最高裁「審理分かりづらい」 裁判員の無罪破棄確定へ
産経ニュース 2014.3.12 18:39
トルコから覚醒剤を密輸したとして、覚せい剤取締法違反(営利目的輸入)などの罪に問われたイラン国籍の無職、アブディ・スマイル被告(45)について、最高裁第1小法廷(横田尤孝(ともゆき)裁判長)は、被告側の上告を棄却する決定をした。横田裁判長は補足意見で「1審が不合理な判断をした原因は、公判前の争点整理が不適切で審理全体が分かりづらくなったためだ」と指摘した。

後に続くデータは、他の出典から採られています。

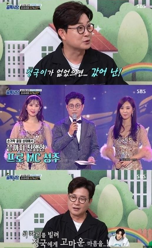 방송인 김성주가 방탄소년단(BTS) 정국 덕분에 큰 화를 면했던 사연을 밝히며 고마운 마음을 전했다.
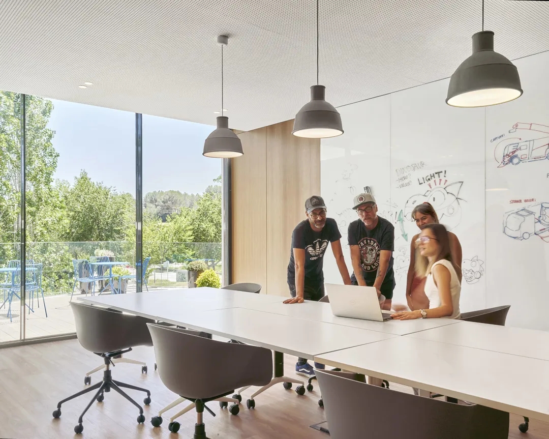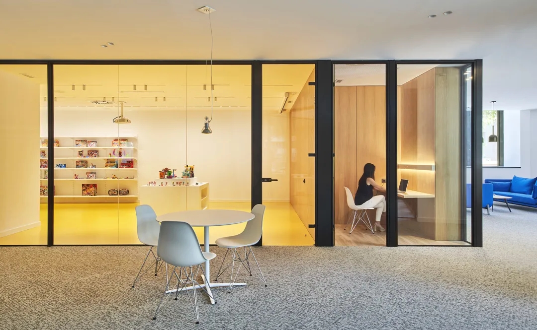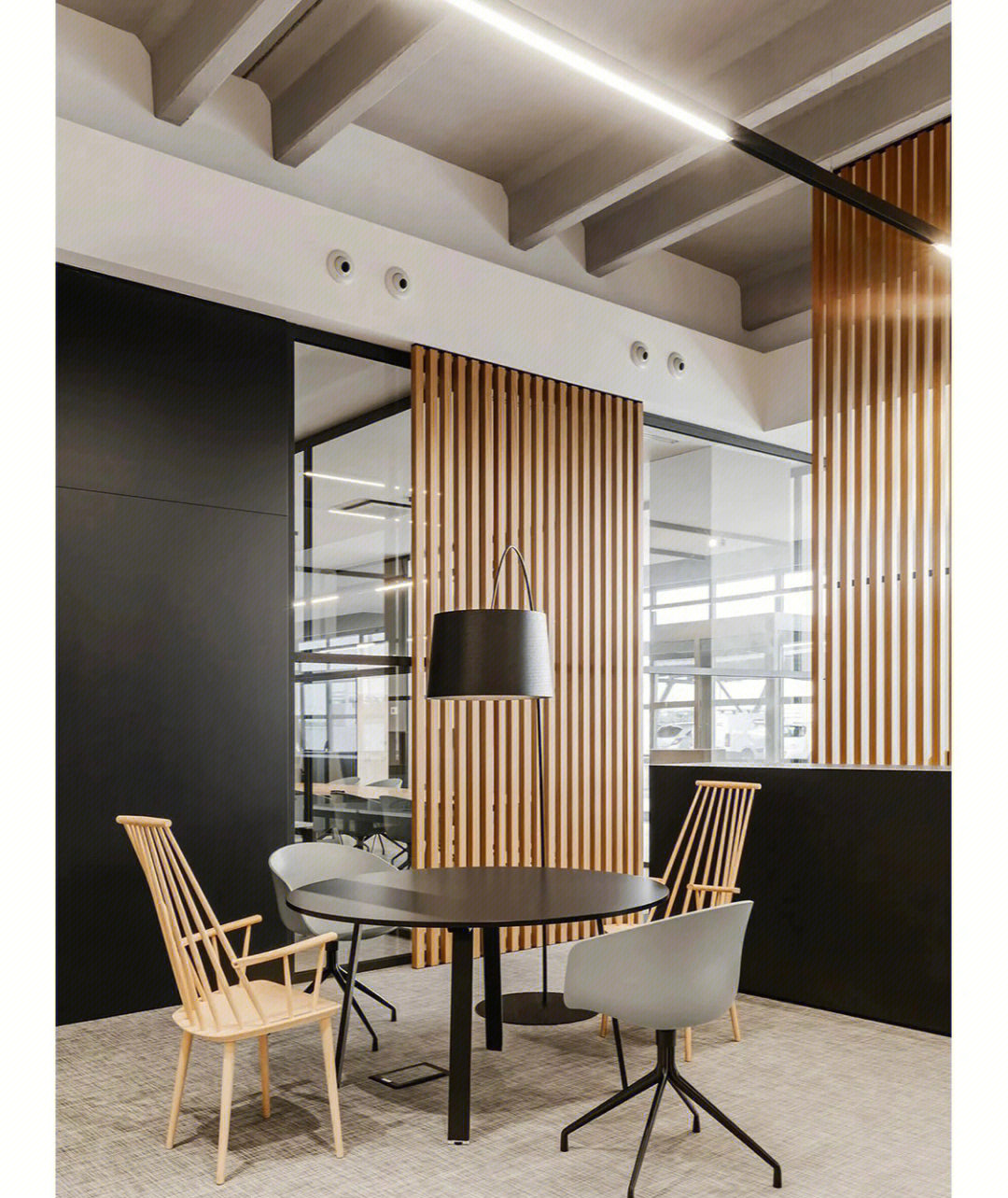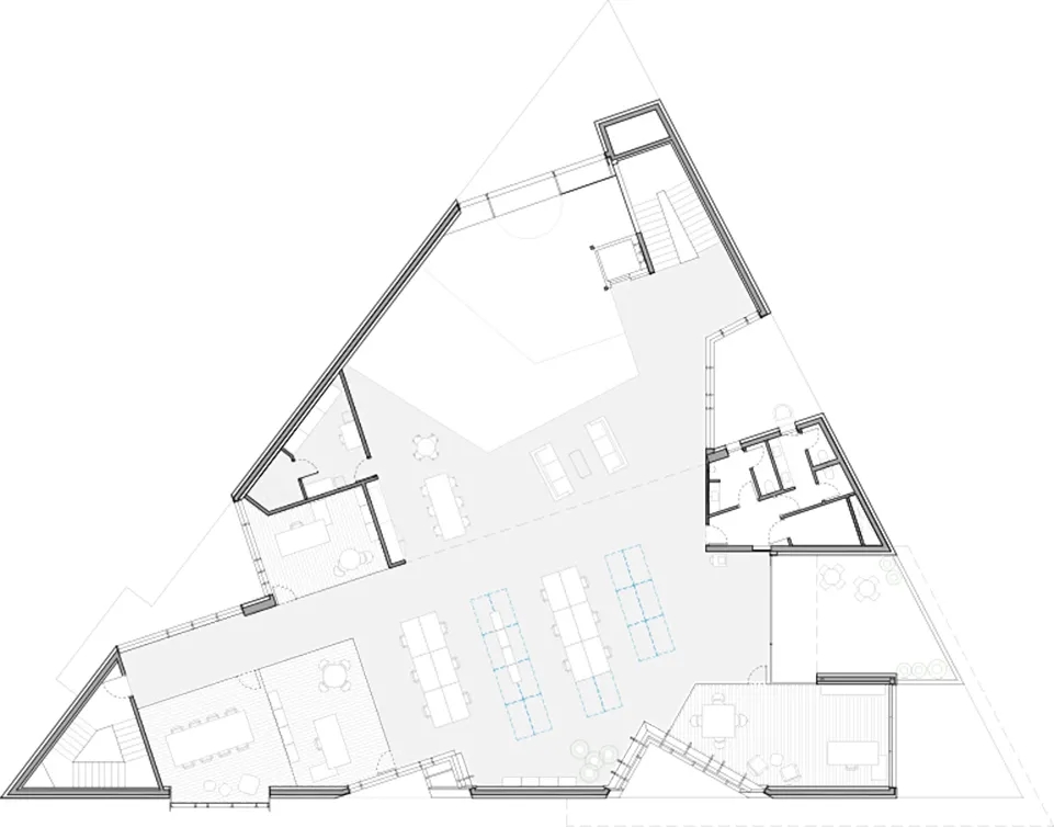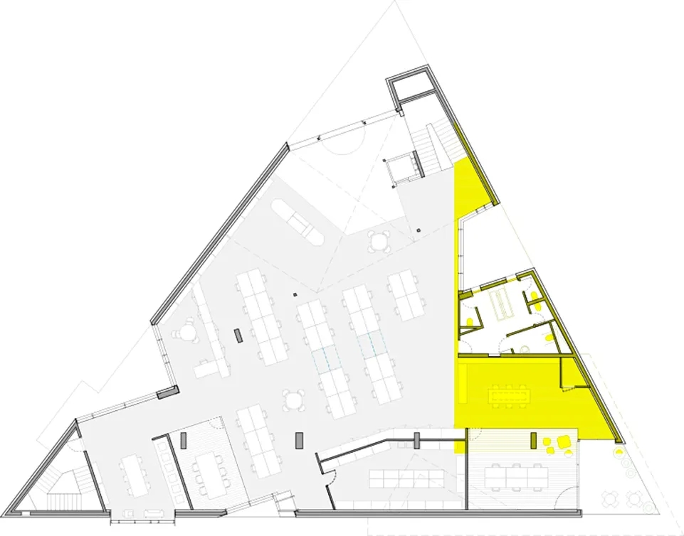 建筑的第三层专门服务于公司的创意团队,不同类型的会议室以及带有3D打印空间的工作室都是遵照相同的逻辑来设计。该楼层同时还包含管理层办公室、一个开放办公区和主会议室,其中主会议室采用了落地式玻璃墙,以张扬的姿态回应了该楼层5米的净空高度。

決定は10日付。アブディ被告を無罪とした1審大阪地裁の裁判員裁判判決を破棄、審理を地裁に差し戻した2審大阪高裁判決が確定する。今後、裁判員を選び直して審理が行われることになる。
横田裁判長は1審の公判前整理手続きについて「判断の分かれ目を意識した争点整理を行わなかった」と指摘。公判では漫然と主張・立証が行われ「裁判員が法廷で見聞きしただけで理解できる審理計画だったか疑問に残る」とした。
その上で、間もなく施行から丸5年を迎える裁判員制度を定着させるため、法曹三者に分かりやすい審理に向けた工夫と努力を求めた。

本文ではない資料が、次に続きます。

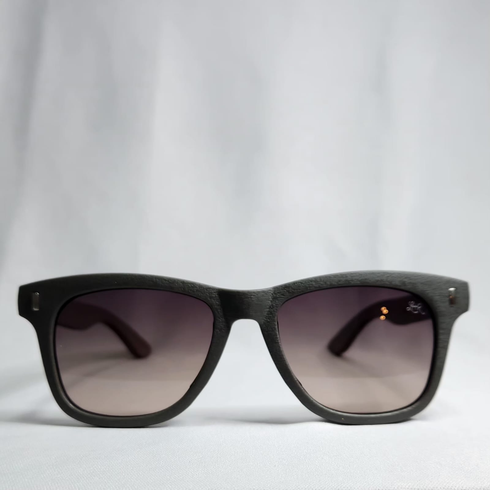 Cor: Armação em acetato cinza fosco e haste em madeira.
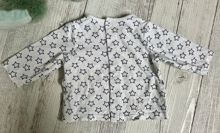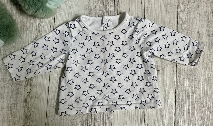 Joli haut blanc à manches longues parsemé de petites étoiles bleues. • Taille : 1 mois • Marque : Orchestra • Pratique : Ouverture pressionnée sur toute la longueur du dos pour faciliter l'habillage. • État : Très bon état ✨ #orchestra #tshirtbebe #1mois #bebegarcon #bebefille #etoile #modebebe #petitprix #layette 🌟
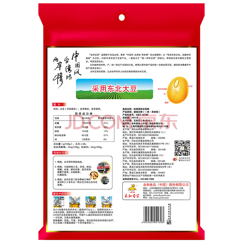 商品相册:永和豆浆经典原味豆浆粉 540g 内含18小包 高蛋白 即食早餐代餐第
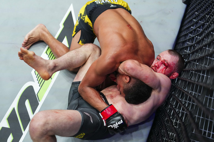 ワンツー、右を当てるアウベス! 顔面から出血のハードリーは右回り。追うアウベスは右ボディ。打撃戦を強いるアウベスは回るハードリーを追って、残り10秒の拍子木にダブルレッグを持ち上げてテイクダウン、首を抱えるハードリーにトップのままゴングを聞いた。
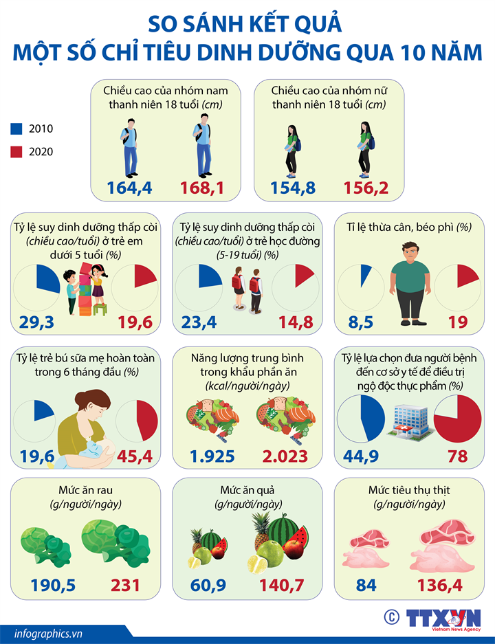 Nhiều chỉ tiêu dinh dưỡng năm 2020 đã có sự thay đổi đáng kể so với 10 năm trước – theo kết quả Tổng Điều tra Dinh dưỡng toàn quốc 2019-2020 do Viện Dinh dưỡng quốc gia, Bộ Y tế công bố. Cụ thể:
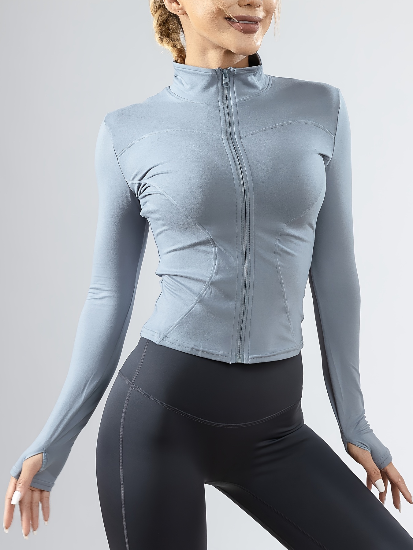 1pc Women'S Athletic Half-Zip Jacket, Long Sleeve Sports Coat, Solid Color Polyester Knit, Non-Waterproof, Regular Fit for Fitness Running Yoga - Gym Wear

アブディ被告は日本人の男ら数人と共謀し、平成21年7月、覚醒剤約4キロが入ったスーツケースを関西空港に密輸したとして起訴された。
1審は関係者の通話記録などから、被告に密輸を指示されたとする男の証言は信用性が低いなどとして共謀を否定、無罪を言い渡した。
2審は、通話内容の多くは密輸に関する連絡であることが強く推認されるなどとして、1審を破棄。最高裁も「1審の認定が経験則に照らして不合理であることを具体的に示している」として2審を支持した。